Description Vijaykumar Koppad 2013-08-13 14:38:49 UTC
Description of problem: Geo-rep failed to sync few files to 2 slaves in a fanout setup of 1-4 , if the geo-rep was stopped and started during creation of files on the master.
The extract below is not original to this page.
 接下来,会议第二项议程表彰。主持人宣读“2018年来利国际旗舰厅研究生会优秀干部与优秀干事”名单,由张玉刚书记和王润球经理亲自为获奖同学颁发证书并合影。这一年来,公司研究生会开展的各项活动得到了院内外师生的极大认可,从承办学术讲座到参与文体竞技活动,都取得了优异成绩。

If you check  files on master which was missed on one of the slaves, those files didn't have entry in any of the files in .processed directory. and gfid of the missed files didn't entries in xsync changelogs too.  
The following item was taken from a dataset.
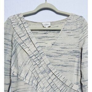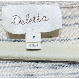 Anthropologie Deletta Womens Medium Ivory Blue Pleated Top V Neck Stretch

geo-rep logs had few logs like 

>>>>>>>>>>>>>>>>>>>>>>>>>>>>>>>>>>>>>>>>>>>>>>>>>>>>>>>>>>>>>>>>>>>>>>>>>>>>
[2013-08-13 19:07:41.158914] W [master(/bricks/brick1):682:regjob] <top>: Rsync: .gfid/8586c8db-d73f-44fe-8071-cbeeaceccae7 [errcode: 23]
[2013-08-13 19:07:41.159651] W [master(/bricks/brick1):682:regjob] <top>: Rsync: .gfid/7201d1d8-7db2-4e53-b4a8-2921dfcd2a68 [errcode: 23]
[2013-08-13 19:07:41.160497] W [master(/bricks/brick1):682:regjob] <top>: Rsync: .gfid/3802bb86-8ef2-4219-8b67-95401e05b18d [errcode: 23]
[2013-08-13 19:07:41.161576] W [master(/bricks/brick1):682:regjob] <top>: Rsync: .gfid/ab5e2c00-97e0-441c-9527-1b349e0ee2d1 [errcode: 23]
[2013-08-13 19:07:41.162667] W [master(/bricks/brick1):682:regjob] <top>: Rsync: .gfid/c3b0cfbf-c047-4b4b-bcc9-af5444543f01 [errcode: 23]
[2013-08-13 19:07:41.163490] W [master(/bricks/brick1):682:regjob] <top>: Rsync: .gfid/88e5ccd9-a4f0-4494-b508-647750ac1e38 [errcode: 23]
[2013-08-13 19:07:41.164549] W [master(/bricks/brick1):809:process] _GMaster: incomplete sync, retrying changelog: /var/run/gluster/master/ssh%3A%2F%2Froot%4010.70.43.25%3Agluster%3A%2F%2F127.0.0.1%3Aslave_red/bd42ad17ef8864d51407b1c6478f5dc6/xsync/XSYNC-CHANGELOG.1376401016
[2013-08-13 19:07:53.364371] I [master(/bricks/brick1):343:crawlwrap] _GMaster: crawl interval: 3 seconds
[2013-08-13 19:07:53.412727] I [master(/bricks/brick1):366:crawlwrap] _GMaster: new master is 83083efa-4172-4da8-9c27-26900b1aaf6b
[2013-08-13 19:07:53.413120] I [master(/bricks/brick1):370:crawlwrap] _GMaster: primary master with volume id 83083efa-4172-4da8-9c27-26900b1aaf6b ...
[2013-08-13 19:07:53.836635] I [monitor(monitor):81:set_state] Monitor: new state: Stable
[2013-08-13 19:08:54.558949] I [master(/bricks/brick1):356:crawlwrap] _GMaster: 11 crawls, 5 turns
[2013-08-13 19:09:54.797264] I [master(/bricks/brick1):356:crawlwrap] _GMaster: 20 crawls, 0 turns

>>>>>>>>>>>>>>>>>>>>>>>>>>>>>>>>>>>>>>>>>>>>>>>>>>>>>>>>>>>>>>>>>>>>>>>>>>>> 

Version-Release number of selected component (if applicable):glusterfs-3.4.0.18rhs-1.el6rhs.x86_64


How reproducible:Happens everytime 


Steps to Reproduce:
1.create and start master(dist-rep) and 4 slave volumes(2 dist-rep and 2 dist) 
2.Create and start geo-rep between master and all 4 slaves.
3.start creating files on master, while creating files on master stop and start all the geo-rep sessions
4. let it sync to slaves 

Actual results:geo-rep fails to sync few  files to few slaves  


Expected results:It shouldn't miss any files


Additional info:

Comment 3 Aravinda VK 2015-11-25 08:50:57 UTC
Closing this bug since RHGS 2.1 release reached EOL. Required bugs are cloned to RHGS 3.1. Please re-open this issue if found again.

Comment 4 Aravinda VK 2015-11-25 08:52:10 UTC
Closing this bug since RHGS 2.1 release reached EOL. Required bugs are cloned to RHGS 3.1. Please re-open this issue if found again.